El 1 de junio, se conoció que varios funcionarios, entre ellos Carlos Llerena y Cristina Fung, han recibido cartas de pre-despido, lo que indica un cambio drástico en la gestión de la empresa. La situación se complica aún más con amenazas a los gerentes de Finanzas y Cumplimiento, quienes podrían enfrentar despidos y denuncias penales si no acceden a extender el proceso de designación del nuevo corredor de seguros para el periodo 2026-2028. Este tema es crucial, ya que la contratación de seguros está intrínsecamente ligada a la reorganización de Petro-Perú y su posible fragmentación en bloques patrimoniales.

La importancia de la contratación de seguros radica en que el esquema propuesto por ProInversión representa una transformación significativa en la estructura operativa y patrimonial de Petro-Perú. En abril, la gerencia de Finanzas había iniciado el proceso para seleccionar un nuevo corredor de seguros, reemplazando a Willis Corredores de Seguros, cuyo contrato había expirado. Sin embargo, la intervención del gerente general, Gustavo Villa, y la presión de miembros del directorio han llevado a una serie de decisiones cuestionables que podrían comprometer la integridad del proceso de selección.
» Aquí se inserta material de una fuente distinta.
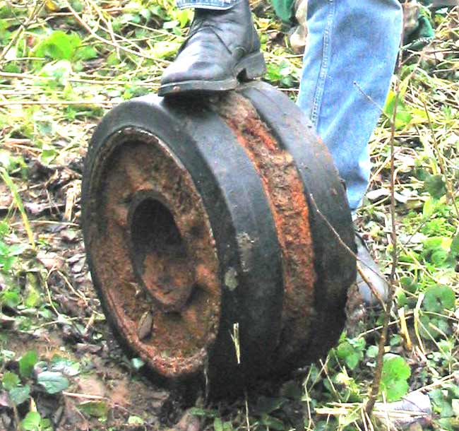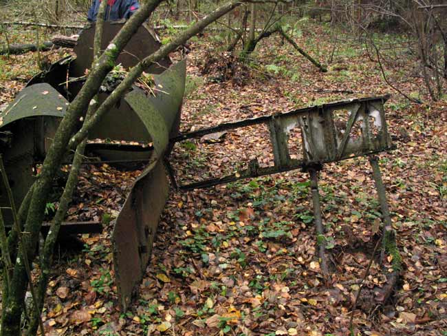 | На опушке леса | Каток от PzKpfw-III | Клеймо на катке "Continental" | Чешская гильза к 7,5cm le. I. G. 18 | Остатки ТБ-3 | ||

Las fuentes internas indican que la interferencia del nuevo presidente del directorio, Edmundo Lizarzaburu, ha intensificado la presión sobre la gerencia de Finanzas, lo que ha resultado en la suspensión del concurso de selección de corredores de seguros. Este tipo de injerencia es inusual, dado que la gestión de seguros debería ser competencia exclusiva del gerente de Finanzas, según el Reglamento de Organización y Funciones de Petro-Perú. La situación se torna aún más compleja con la invitación a empresas vetadas, lo que podría abrir la puerta a conflictos de interés y prácticas poco éticas.

De cara al futuro, la prórroga del contrato con Willis por 60 días no resuelve la incertidumbre que rodea a la empresa. La posibilidad de un nuevo concurso con corredores cuestionados plantea serias dudas sobre la transparencia y la capacidad de Petro-Perú para manejar sus riesgos de manera efectiva. Los inversores deben estar atentos a cómo se desarrollará esta situación, ya que cualquier irregularidad podría atraer la atención de la Contraloría y afectar la reputación de la empresa. Además, la inestabilidad en la gestión podría impactar negativamente en la percepción del mercado sobre la capacidad de Petro-Perú para cumplir con sus obligaciones financieras y operativas en el futuro.